[SOURCE INFORMATION]
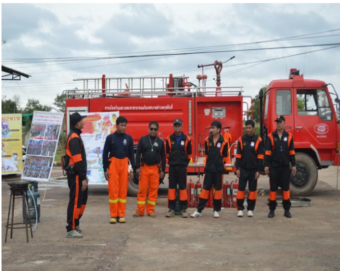
ทีมวิทยากรแนะนำตัวเอง
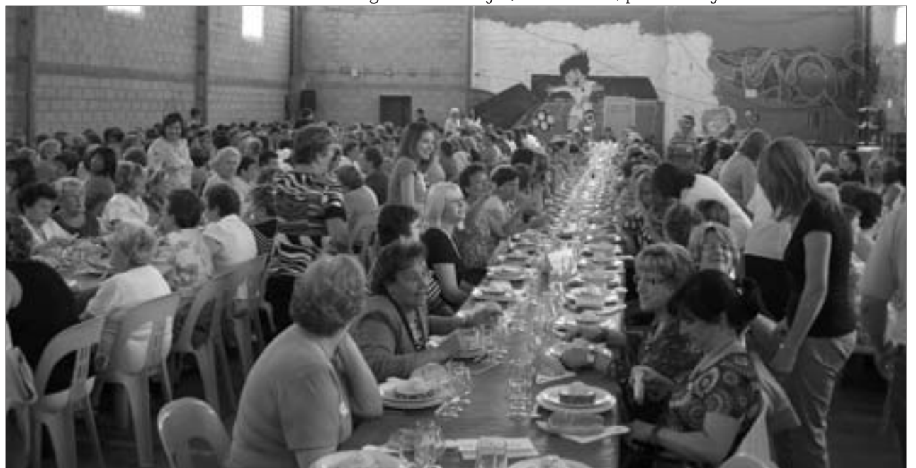
Un día de convivencia entre las asociaciones de mujeres de la comarca

tar de una comida de hermandad en la que las risas y la diversión de las mujeres fueron los grandes protago-
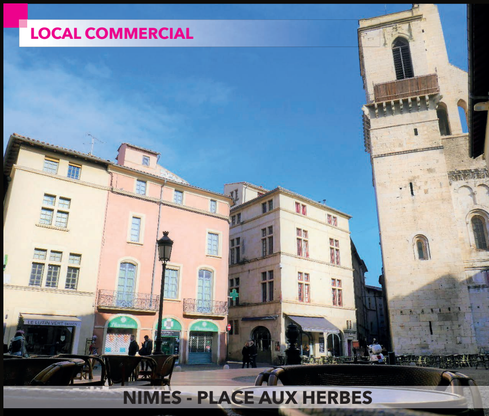
NIMES - PLACE AUX HERBES
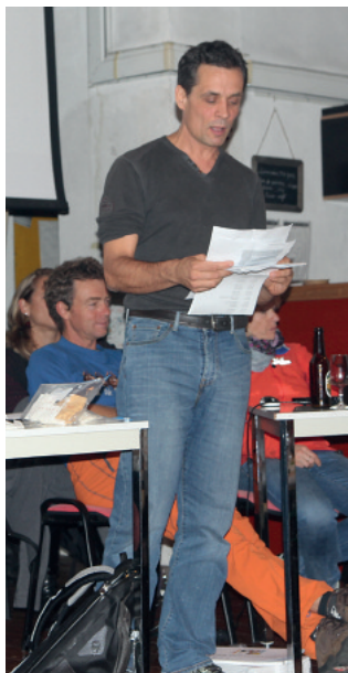
Quelques responsables de commission
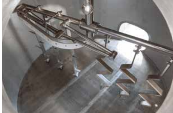
Interno tino filtro / Filter vat interior
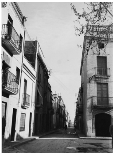
Carrer del Correu el 1957.
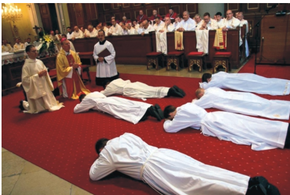
Az egyik legmeghatóbb pillanat
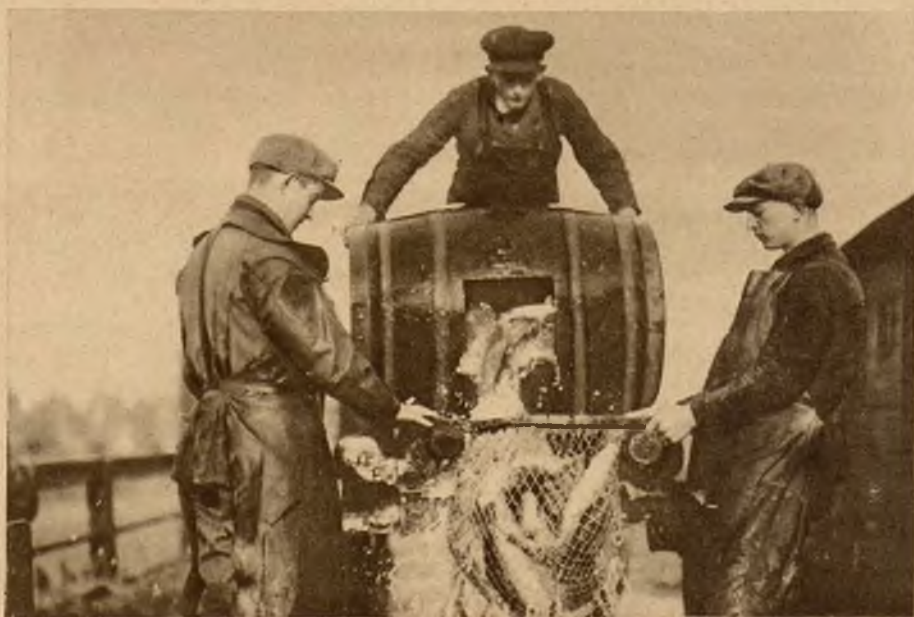
Na lewo: Karpie, tradycyjną rybę podawaną w czasie wilji B. Narodzenia przesypują robotnicy z beczek do sieci, stąd do wagonów basenów, którymi dostarcza się je do miast.
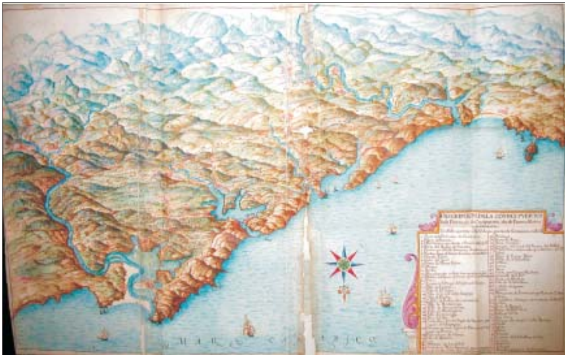
FIG. 2. «Descripción de la costa y puertos de la provincia de Guipúzcoa desde Fuenterabia asta Guetaria», Biblioteca de la Diputación Foral de Vizcaya (Reserva Bascongada VMSS-249).
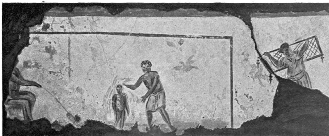
Ribič. Krst. Ozdravljenje mrtvoudnega. V katakombah Kalisto, 2. polovica II. stoletja.
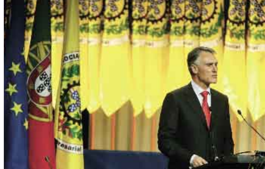
1 de Fevereiro de 2007. 170º aniversário da Associação Industrial Portuguesa.
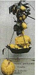
チェドロ皮を食べる
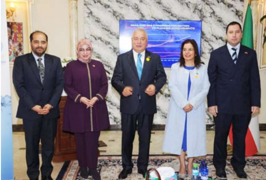
سفراء طاجيكستان وتركيا وصربيا وأميرها الحسن

لا تقتصر على استضافة مؤتمر، بل يتجاوز ذلك إلى بناء منصة عالمية للحوار والتعاون. إن دوشنبه تسعى إلى أن تكون جسراً بين الدول الجبلية والدول الصحراوية، بين دول المنبع ودول المصب، بين الخبرة العلمية والحاجة الإنسانية، وبين التعهد السياسي والتنفيذ العملي. وهنا تبرز أهمية مشاركة دولة الكويت ودول مجلس التعاون الخليجي. فالكويت، بحكم موقعها الجغرافي ومناخها الصحراوي وخبرتها الطويلة في تحلية المياه وإدارة الموارد المحدودة، تمتلك تجربة مهمة يمكن أن تثري النقاش الدولي حول الأمن المائي، وكفاءة الاستخدام، والاستثمار في التقنيات الحديثة، وإدارة الطلب، وحماية البيئة البحرية، وتعزيز الوعي المجتمعي.
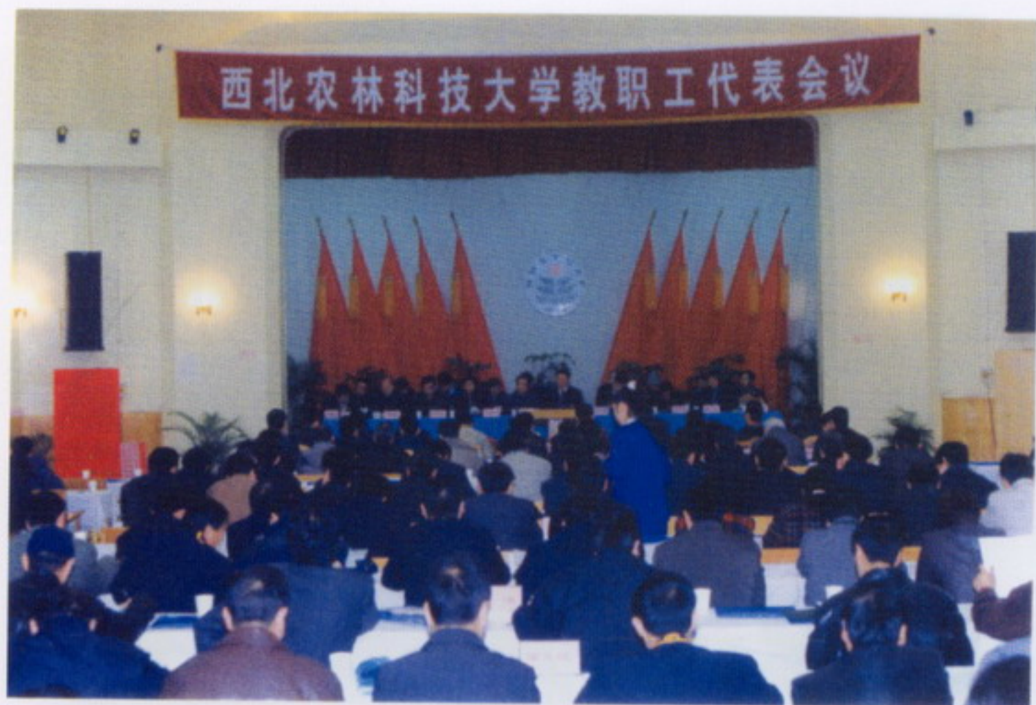
12月15日，学校首届教职工代表大会隆重召开

[WHAT THE TASK REQUIRES] In your copy, omit the pictures and restate every line of the data word for word.

[ANSWER BOX]
ทีมวิทยากรแนะนำตัวเอง
Un día de convivencia entre las asociaciones de mujeres de la comarca

tar de una comida de hermandad en la que las risas y la diversión de las mujeres fueron los grandes protago-
NIMES - PLACE AUX HERBES
Quelques responsables de commission
Interno tino filtro / Filter vat interior
Carrer del Correu el 1957.
Az egyik legmeghatóbb pillanat
Na lewo: Karpie, tradycyjną rybę podawaną w czasie wilji B. Narodzenia przesypują robotnicy z beczek do sieci, stąd do wagonów basenów, którymi dostarcza się je do miast.
FIG. 2. «Descripción de la costa y puertos de la provincia de Guipúzcoa desde Fuenterabia asta Guetaria», Biblioteca de la Diputación Foral de Vizcaya (Reserva Bascongada VMSS-249).
Ribič. Krst. Ozdravljenje mrtvoudnega. V katakombah Kalisto, 2. polovica II. stoletja.
1 de Fevereiro de 2007. 170º aniversário da Associação Industrial Portuguesa.
チェドロ皮を食べる
سفراء طاجيكستان وتركيا وصربيا وأميرها الحسن

لا تقتصر على استضافة مؤتمر، بل يتجاوز ذلك إلى بناء منصة عالمية للحوار والتعاون. إن دوشنبه تسعى إلى أن تكون جسراً بين الدول الجبلية والدول الصحراوية، بين دول المنبع ودول المصب، بين الخبرة العلمية والحاجة الإنسانية، وبين التعهد السياسي والتنفيذ العملي. وهنا تبرز أهمية مشاركة دولة الكويت ودول مجلس التعاون الخليجي. فالكويت، بحكم موقعها الجغرافي ومناخها الصحراوي وخبرتها الطويلة في تحلية المياه وإدارة الموارد المحدودة، تمتلك تجربة مهمة يمكن أن تثري النقاش الدولي حول الأمن المائي، وكفاءة الاستخدام، والاستثمار في التقنيات الحديثة، وإدارة الطلب، وحماية البيئة البحرية، وتعزيز الوعي المجتمعي.
12月15日，学校首届教职工代表大会隆重召开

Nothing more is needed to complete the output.